Lt. Col. Joseph E. Bozeman Jr., who formerly headed the program, says there were 38 students when he arrived in 1995. The program was commissioning five officers a year -- a big fall-off from its historic output.

"This was a program that from 1948 to 1990 was averaging 20 to 25 lieutenants a year," said Bozeman, who is now executive director of enrollment management at Morgan. "That was as high as anybody in the country. We were talking about 50 years of excellence."

He says the decline was part of a nationwide trend, but it was even more marked at Morgan because of the program's history of excellence.

Bozeman says he had the support of school President Earl Richardson -- an Air Force ROTC graduate of the University of Maryland, Eastern Shore -- in rebuilding the program.

"It was a very, very important part of campus history, and we wanted to revive that," Richardson says. "We're not just talking about the 10 generals, but the colonels and lieutenant colonels just below the general rank."

The program has more than 200 students and is back to commissioning more than 20 officers a year. Bozeman says the Army ranked Morgan's program 265th of the 270 in the country in 1995. Now it is eighth.

"I'm walking tall," says Bozeman, who retired from the Army last year.

Part of the rejuvenation plan was involving the program's distinguished alumni who then became frequent visitors to the campus. Ellis gave the school's commencement address last year.

"You just have to pick up the phone and they are here," Bozeman says. "It makes a huge difference -- like in any profession -- if you can come and see a role model, what you aspire to do. You say, 'I can do that.'"

That affects students like Tommy Skanes, a soft-spoken 21-year-old who came to Morgan State from a small town in Alabama and signed up for ROTC. He is contemplating a military career after his graduation and commissioning next year.

"There were only two ways out of my town," he says of Florala, Ala. "College or the military.
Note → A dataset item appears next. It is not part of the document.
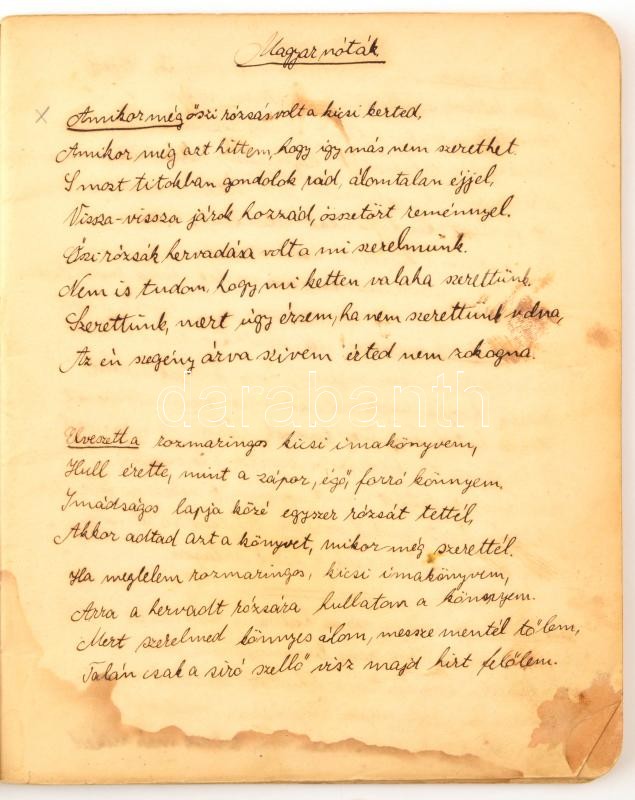 cca 1900 Magyar nóták kéziratos gyűjteménye, füzetben https://www.darabanth.com/hu/362-Gyorsarveres/362.0/Mutargy-papirregiseg-egyeb/Tortenelmi-dokumentumok-keziratok-erdekessegek~500019/cca-1900-Magyar-notak-keziratos-gyujtemenye-fuzetben~II2092558

I decided to combine them."

The journey he made was not unlike that taken more than 35 years ago when Ellis left Cambridge on the Eastern Shore and moved to Baltimore to attend Morgan.

"I came to get an education, not to get into the Army," says Ellis. "I didn't even know what ROTC was when I started at the university. It was not in my plan, quite frankly. But it is interesting what you fall in love with sometime."
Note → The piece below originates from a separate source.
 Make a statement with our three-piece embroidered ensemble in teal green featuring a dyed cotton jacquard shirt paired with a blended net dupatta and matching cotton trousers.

Ellis, who met his wife at Morgan, was in one of the last classes that required ROTC of men in their first two years. He looks back on it as part of the way Morgan molded its students.

"You have to remember we had just gone through integration in the state, my 10th-grade year in high school," he says. "Places like Morgan got the best of the black students and the best of the black faculty. There was great leadership there."
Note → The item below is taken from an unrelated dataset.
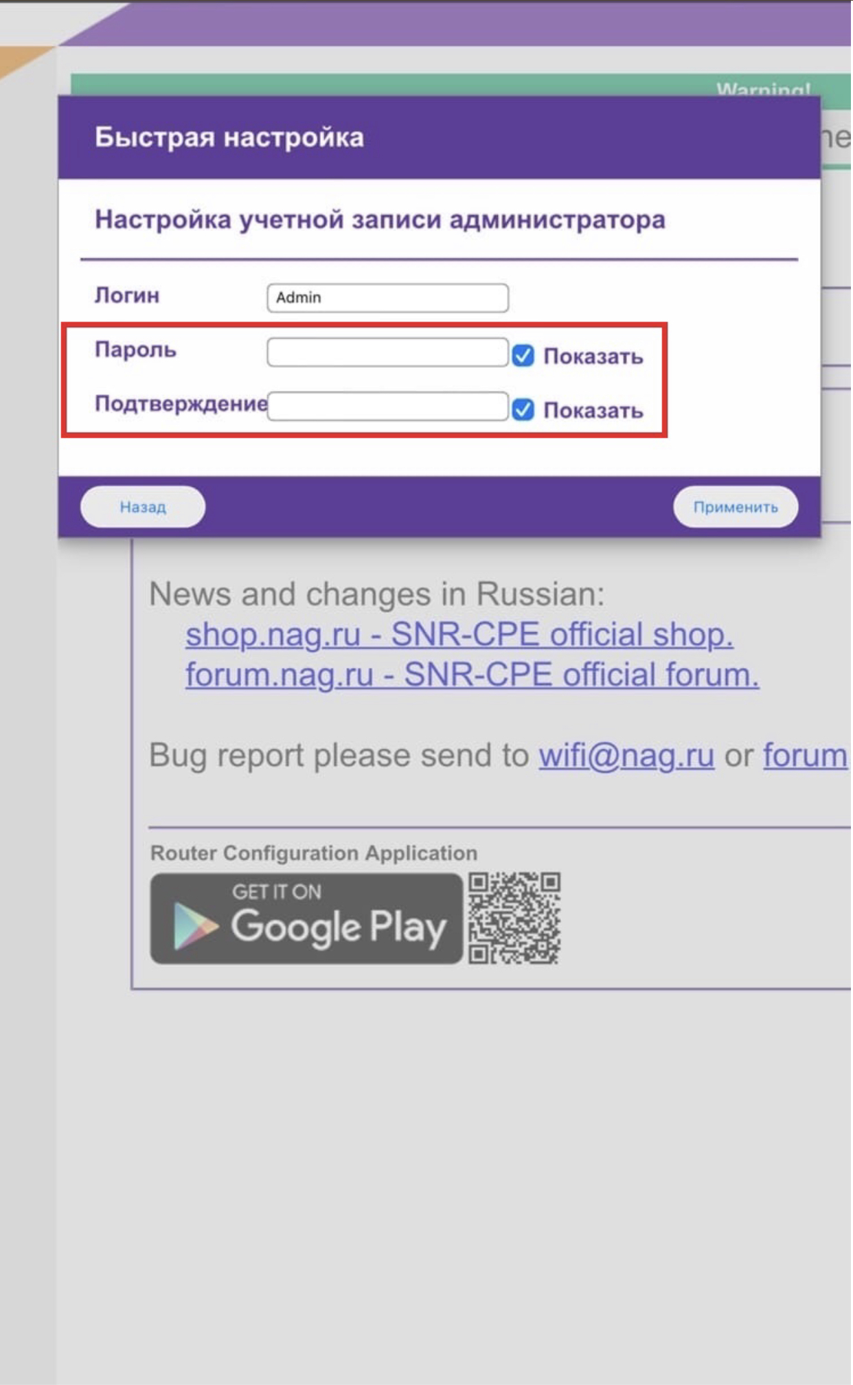 8. Далее Вам нужно придумать и указать пароль для доступа к настройкам роутера. Эти данные мы рекомендуем оставить заводскими, а именно:

Even after getting his commission, Ellis was unsure of a military career. But after a variety of success -- he was promoted to captain in Vietnam -- he decided on it.

"I had already done the hard things including combat -- it can't get any worse than that -- so I figured I should enjoy the fruits of my labor," he says.

Ellis rose in the ranks, making brigadier general in 1992. He is now deputy chief of staff for Operations and Plans, stationed at the Pentagon. If confirmed by the Senate, he would head the U.S. Army Forces Command at Fort McPherson, Ga., as one of a dozen four-star generals in the Army.

Lt. Shawnda Johnson, who was commissioned when she graduated from Morgan in May, says Richardson, the school president, threw out another challenge at her commencement.

"He said Morgan had 10 generals, but it had yet to have a female general," says Johnson, who will be in military intelligence at a base in Arizona in the fall. "We all looked at each other wondering which one of us it might be."